• Task details: Output the data below only from the line containing "The MILWAUKEE® SHOCKWAVE™ 3-1/2″" up to and including the line containing "Prinsipiell oppbygning av", exact and with the pictures left out.

►

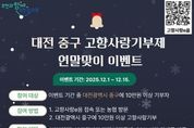 코리아타임뉴스 대전취재본부 | 대전 중구는 1일부터 오는 15일까지 연말맞이 고향사랑기부제 답례품 추가 증정 이벤트를 진행한다고 밝혔다. 이번 이벤트는 연말을 맞아 고향사랑기부제 참여를 확대하고 중구의 우수한 답례품을 널리 알리기 위해 마련됐다. 고향사랑e음 또는 농협을 통해 대전 중구에 10만 원 이상 고향사랑기부를 할 경우 자동으로 이벤트에 참여되며, 기부자에게는 10만 원까지 전액 세액공제(초과분 16.5%)와 함께, 기부금의 30% 상당에 해당하는 지역 답례품이 제공된다. 여기에 더해 기부 순번이 5의 배수에 해당하는 300명에게 답례품이 추가로 증정된다. 추가 답례품은 올해 신규로 입점한 지역 업체인 경화제면소와 사리원푸드의 1만 5천원 상당의 제품으로, 기부자들이 중구의 새로운 지역 상품을 경험할 수 있도록 구성됐다. 김제선 중구청장은 “연말을 맞아 따뜻한 나눔을 실천해주시는 분들게 감사의 마음을 담아 특별한 혜택을 준비한 만큼, 많은 분들의 관심과 참여를 부탁드린다”라고 말했다.
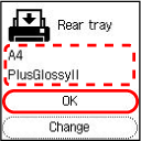 Välj Byt (Change) med skrivarens uppned-knappar och tryck på OK-knappen. Registrera därefter pappersinformationen (pappersstorlek och medietyp) för det papper som har fyllts på i det bakre facketskrivaren.
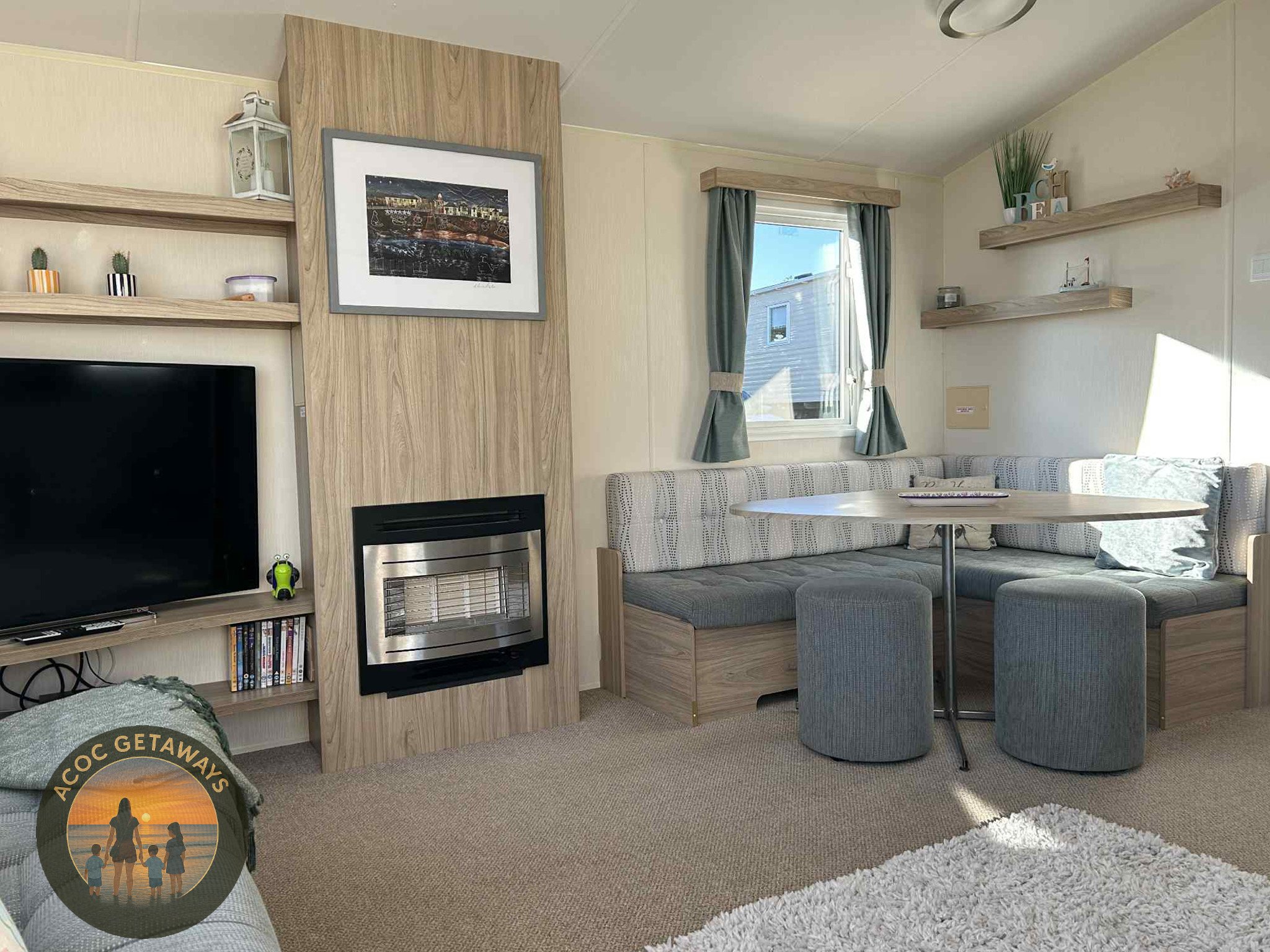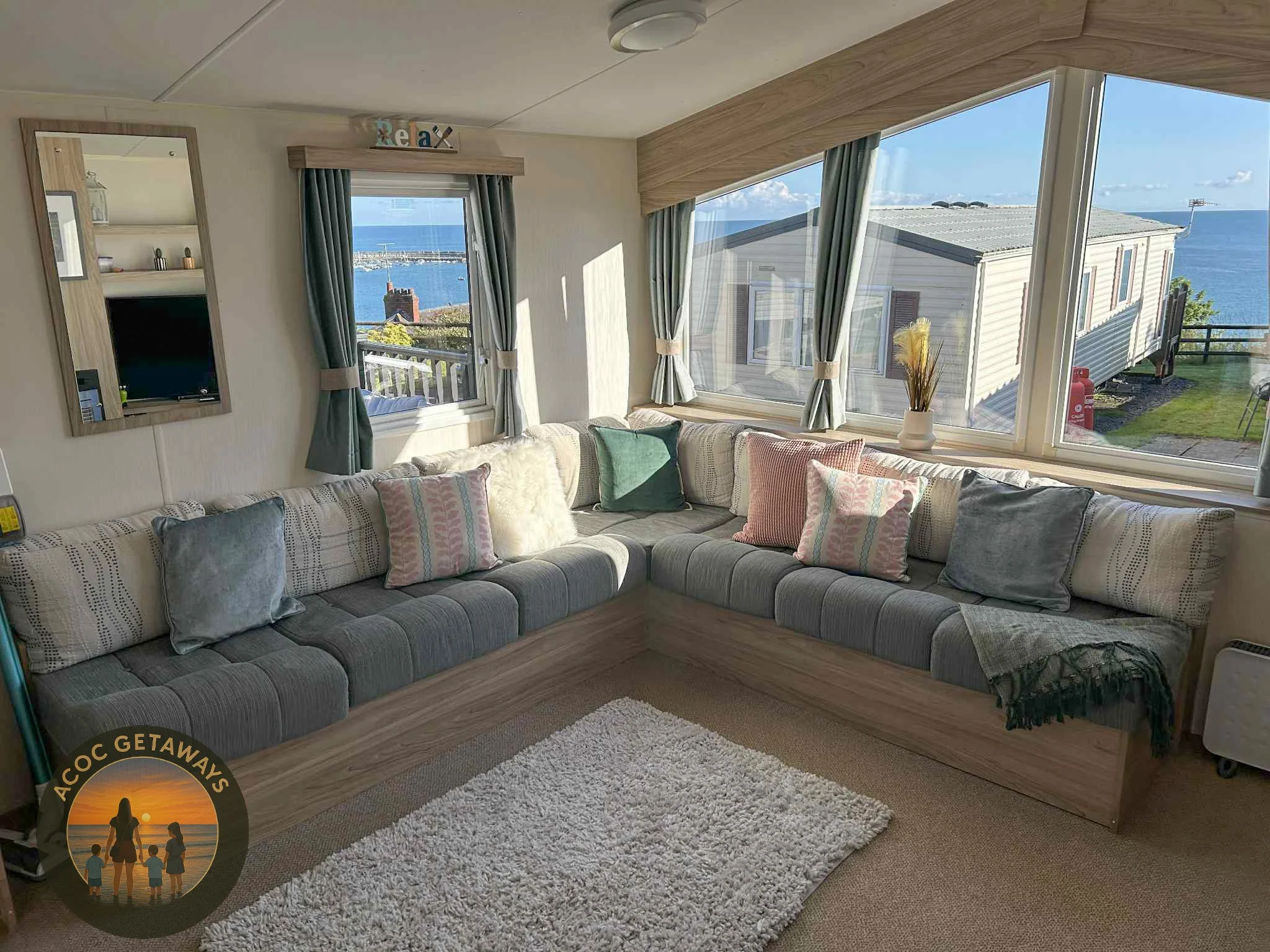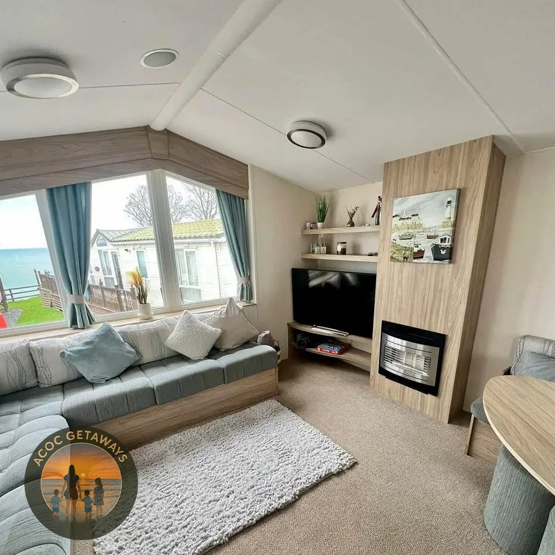 Bright & Airy Living Area – large front windows flood the space with natural light and offer a glimpse of the sea. Relax on the spacious sofa seating, enjoy the wall-mounted TV, and feel at home with the modern electric fire.
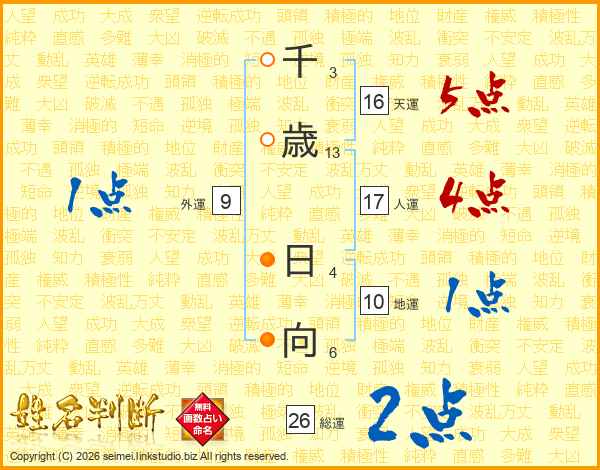 千歳日向さんの総運は26画の2点!
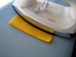 Press flat, so that you have a 4 1/2″ by 6″ rectangle with four flaps. Iron down, flip, iron again. Don’t over iron, it can make the fabric very stiff.
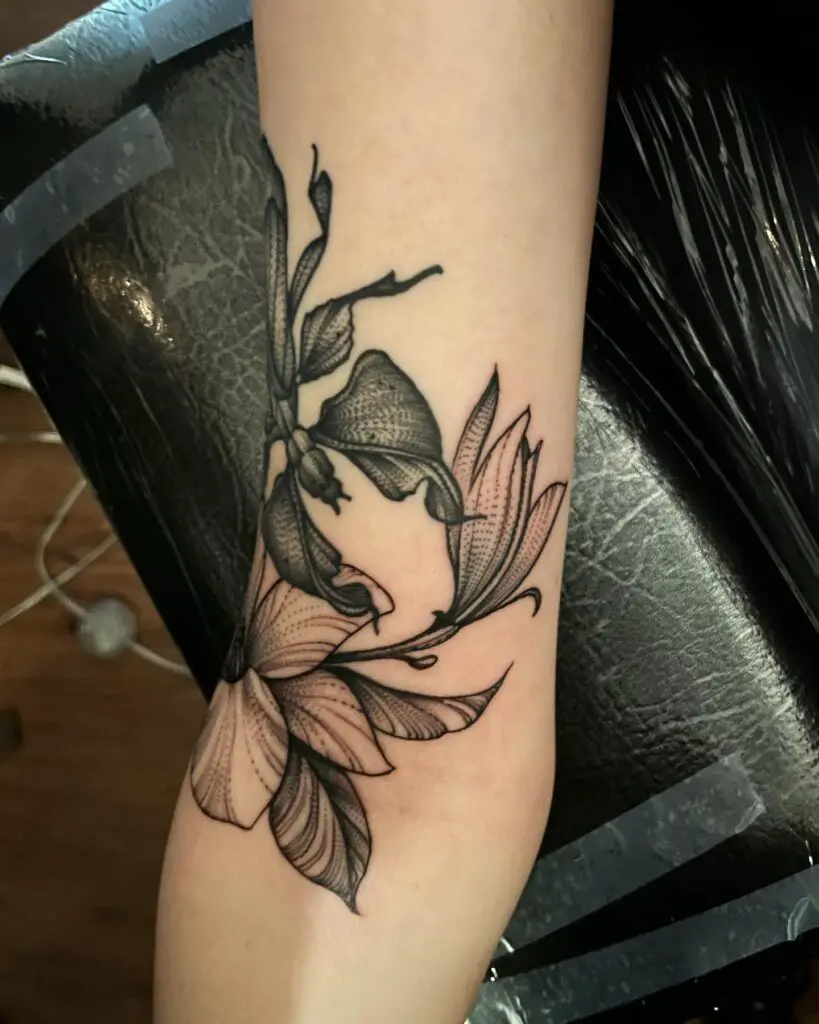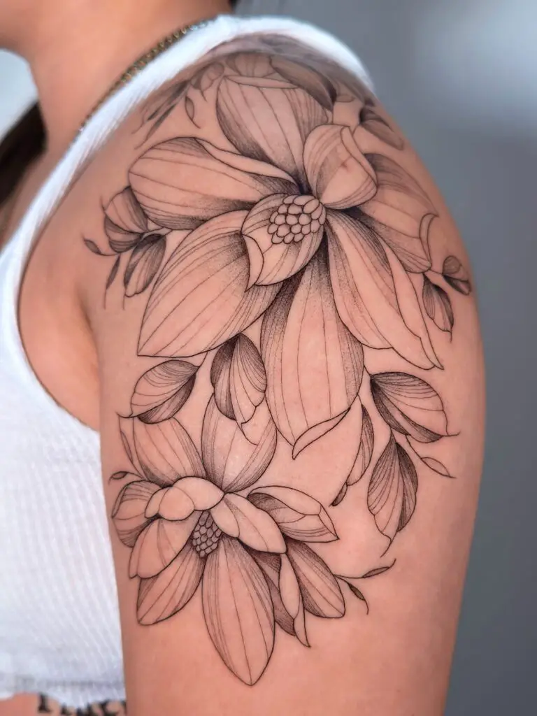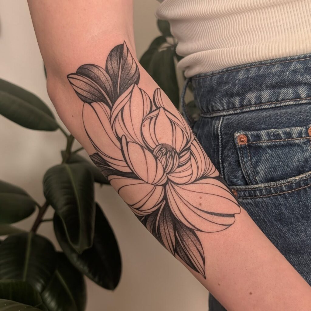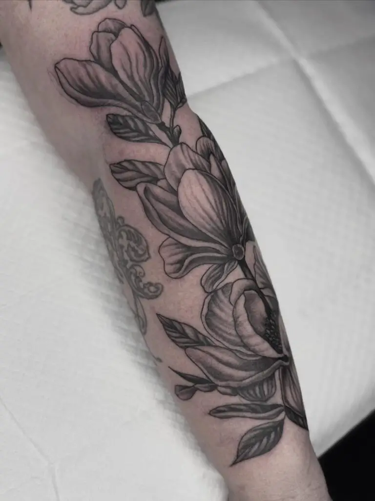 The magnolia is one of the most effective floral subjects for black and grey tattooing because the smooth petal surfaces create ideal conditions for tonal shading. The artist can create depth and luminosity through value contrast alone without requiring colour. If you are considering a magnolia tattoo and are undecided about colour versus black and grey, look specifically at healed black and grey magnolia work: it is consistently one of the most beautiful applications of the style to a botanical subject.
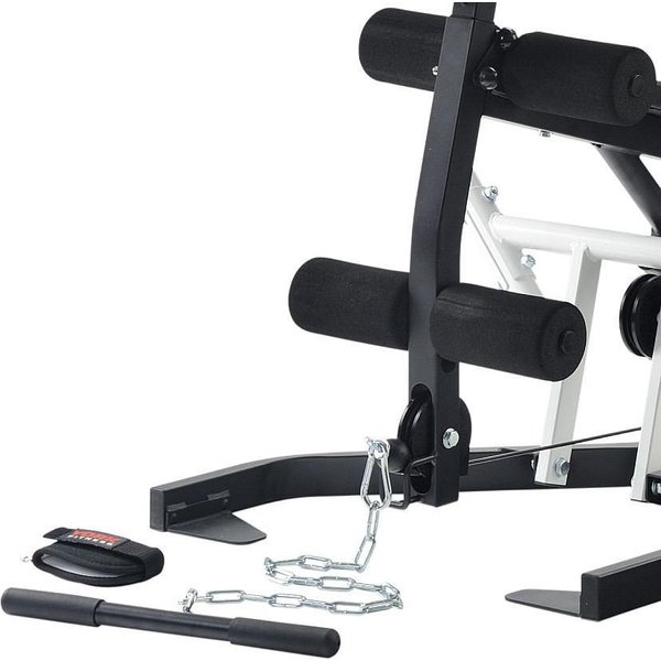 - ćwiczenia: wyciąg górny, wyciąg dolny, oddzielny uchwyt do wyciskania i rozpiętek, dźwignia zginania i wyprostu kolan, w zestawie zdejmowalny modlitewnik,
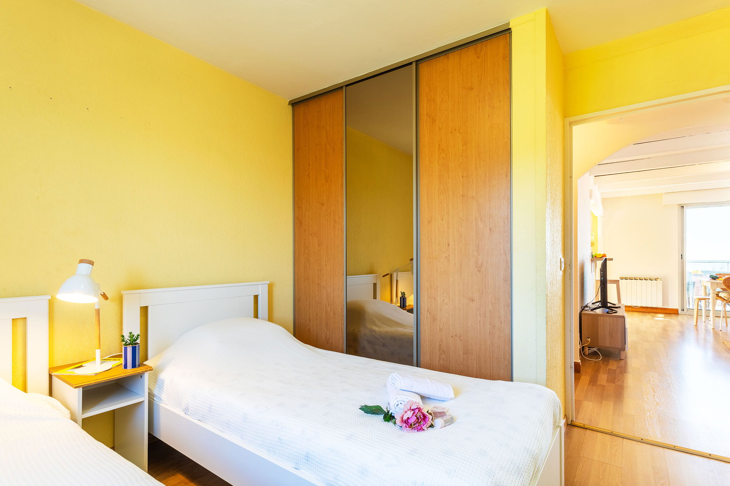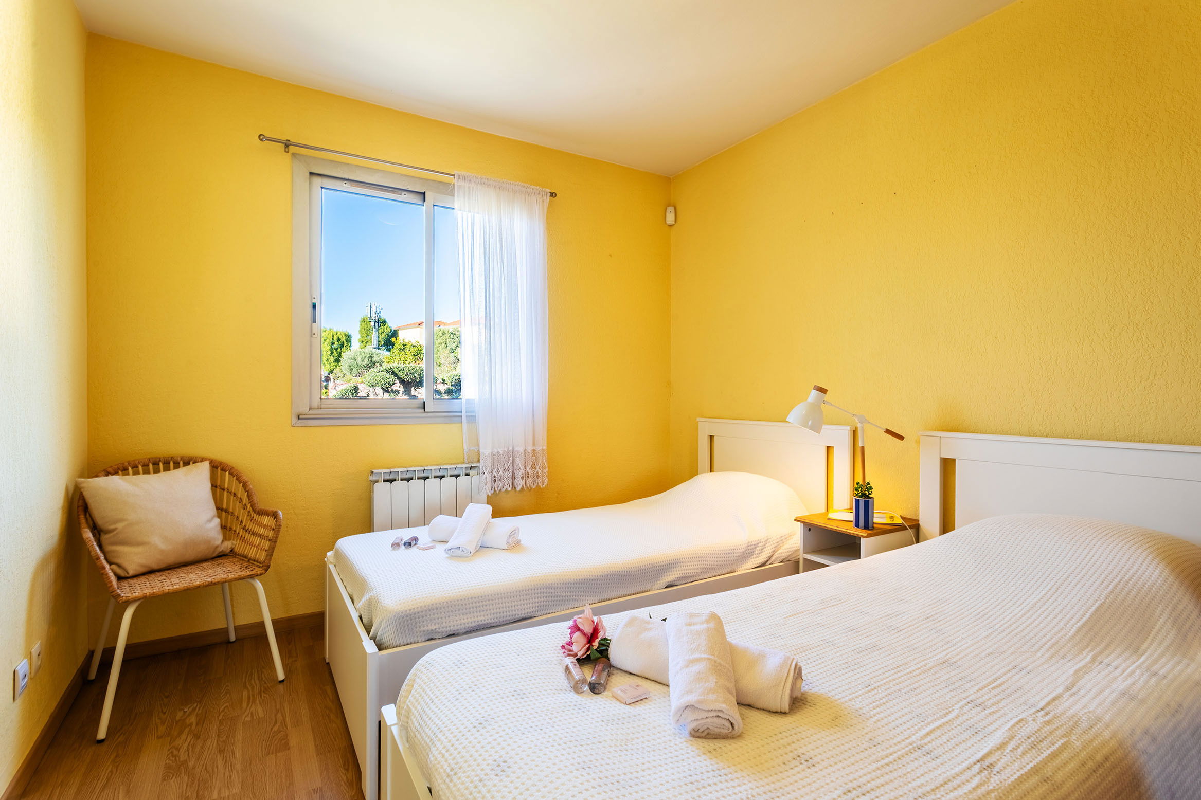 2 bedrooms, one with a double bed and the other with 2 single beds
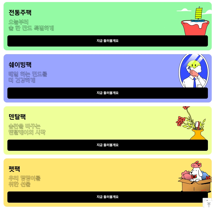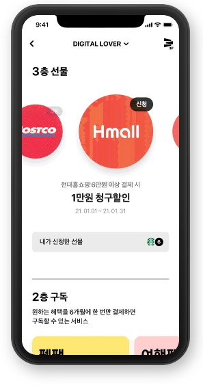 - 취향대로 고르는 핵심 혜택 패키지 정기 구독(원하는 혜택을 한 번만 결제하면 알아서 챙겨드립니다.)
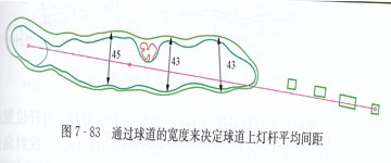 球道平均寬度的最大值決定球道寬度(見圖7-83),通過球道寬度來決定球道上燈桿平均間距。
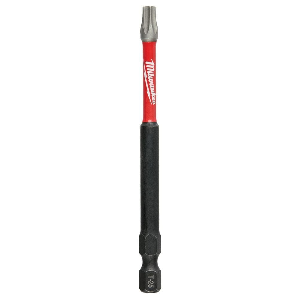 The MILWAUKEE® SHOCKWAVE™ 3-1/2″ Torx 25 Impact Duty™ Bit 2 Pack is engineered to be the most durable, best fitting driver bits on the market. The torx bits feature Wear Guard Tip™ for increased wear resistance, which protects the fit over the life of the bit. The impact driver bits have an optimized Shockzone™ for each tip type and length of driver bit to absorb peak torque and prevent breaking. The Custom Alloy76™ Steel is customized and heat treated per tip type to extend the life of the driver but by up to 50X vs. competitive impact driver bits. The MILWAUKEE® SHOCKWAVE™ Impact Duty™ driver bits are built to deliver extreme durability for the most demanding applications.
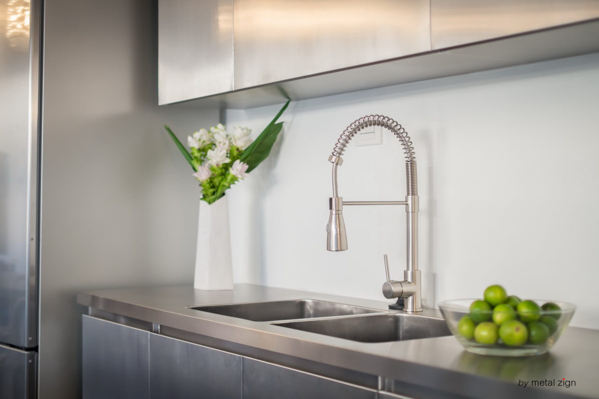 หลุม Sink ขนาดสองหลุม ไว้เ่ตรียม ล้าง การปรุงอาหาร รวมถึงภาชนะต่าง ๆ ได้เป็นอย่างดี รวมถึงการเลือกใช้ก๊อกแบบพิเศษ ทำให้การล้างสะดวกและสะอาด
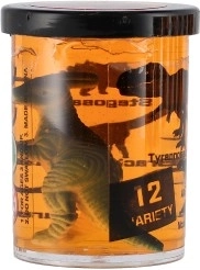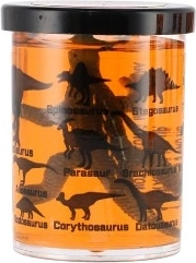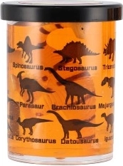 Každý kelímok skrýva malých dinosaurov a potlač s ich siluetami a názvami – zábava aj učenie v jednom.
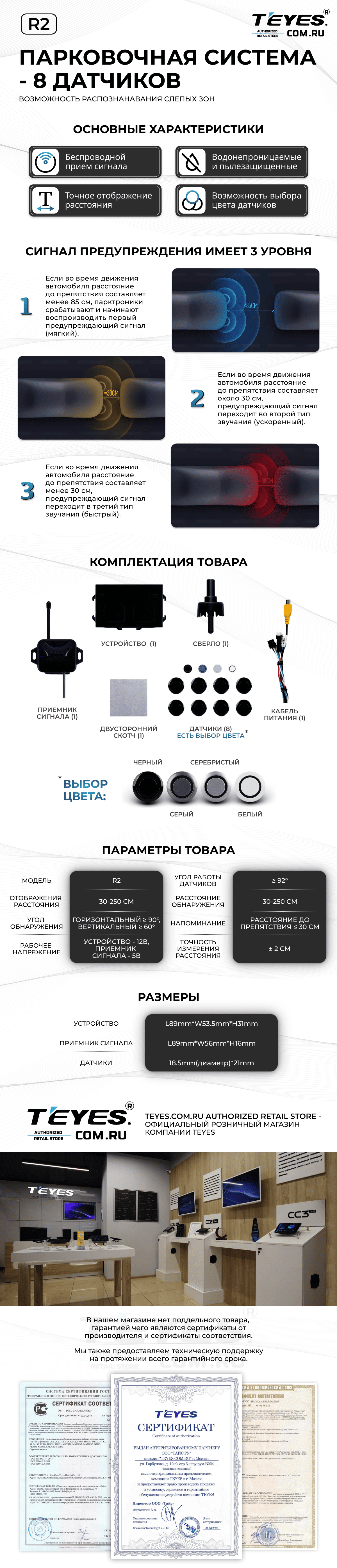 Передние и задние парктроники Teyes R2 для CC4 Pro / CC4 / CC4L / CC3 2K / CC3 / CC3L / CC2 Plus / SPRO Plus / TPRO2 / LUX ONE (Серебристые) 8-датчиков - купить всего за 19 900 руб. в интернет-магазине в Мурманске Teyes.com.ru. ✓ Самый лучший выбор мультимедиа ✓ Лучшая замена штатному ГУ ✓ Тел. +7 (800) 775-31-74
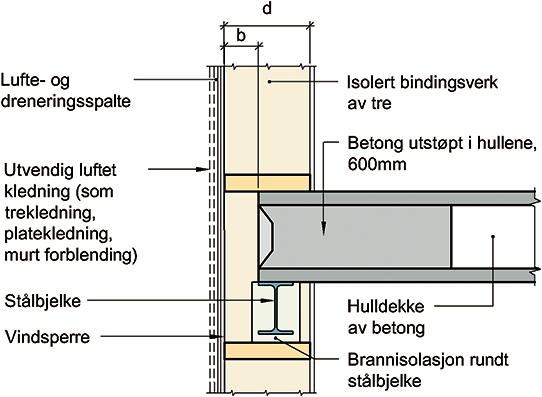 Prinsipiell oppbygning av tilslutning mellom vegger med isolert bindingsverk av tre med gjennomgående stendere, og hulldekke av betong opplagt på stålbjelke
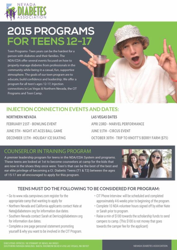 The Mission of the Nevada Diabetes Association and California Diabetes Association is to improve the lives of children and adults affected by diabetes through prevention, education and service. The goal of the NDA and CDA is to provide programming that will help avoid complications that this disease causes for children and adults. We offer diabetes education camping programs, diabetes support programs, diabetes seminars/ workshops, printed and electronic diabetes educational resources, emergency insulin and diabetes supply programming.
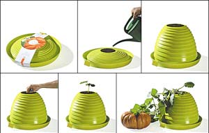 這個可降解的伸縮花瓶在拉伸開來并埋上種子澆水開始使用之后,可以保持正常狀態(tài)9個月時間,之后就可以拋棄到垃圾箱里,在大自然中完全降解。
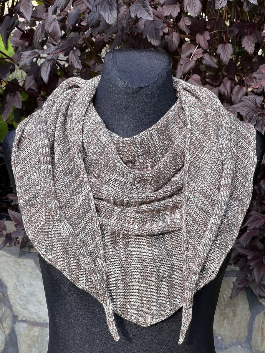 Elegancka chusta z wysokiej jakości mieszanki bawełny i akrylu wykonana przeze mnie na maszynie dziewiarskiej z troską i dbałością o każdy szczegół. Wykończona ręcznie.

◄

• Solution to the exercise:
 The MILWAUKEE® SHOCKWAVE™ 3-1/2″ Torx 25 Impact Duty™ Bit 2 Pack is engineered to be the most durable, best fitting driver bits on the market. The torx bits feature Wear Guard Tip™ for increased wear resistance, which protects the fit over the life of the bit. The impact driver bits have an optimized Shockzone™ for each tip type and length of driver bit to absorb peak torque and prevent breaking. The Custom Alloy76™ Steel is customized and heat treated per tip type to extend the life of the driver but by up to 50X vs. competitive impact driver bits. The MILWAUKEE® SHOCKWAVE™ Impact Duty™ driver bits are built to deliver extreme durability for the most demanding applications.
 หลุม Sink ขนาดสองหลุม ไว้เ่ตรียม ล้าง การปรุงอาหาร รวมถึงภาชนะต่าง ๆ ได้เป็นอย่างดี รวมถึงการเลือกใช้ก๊อกแบบพิเศษ ทำให้การล้างสะดวกและสะอาด
 Každý kelímok skrýva malých dinosaurov a potlač s ich siluetami a názvami – zábava aj učenie v jednom.
 Передние и задние парктроники Teyes R2 для CC4 Pro / CC4 / CC4L / CC3 2K / CC3 / CC3L / CC2 Plus / SPRO Plus / TPRO2 / LUX ONE (Серебристые) 8-датчиков - купить всего за 19 900 руб. в интернет-магазине в Мурманске Teyes.com.ru. ✓ Самый лучший выбор мультимедиа ✓ Лучшая замена штатному ГУ ✓ Тел. +7 (800) 775-31-74
 Prinsipiell oppbygning av tilslutning mellom vegger med isolert bindingsverk av tre med gjennomgående stendere, og hulldekke av betong opplagt på stålbjelke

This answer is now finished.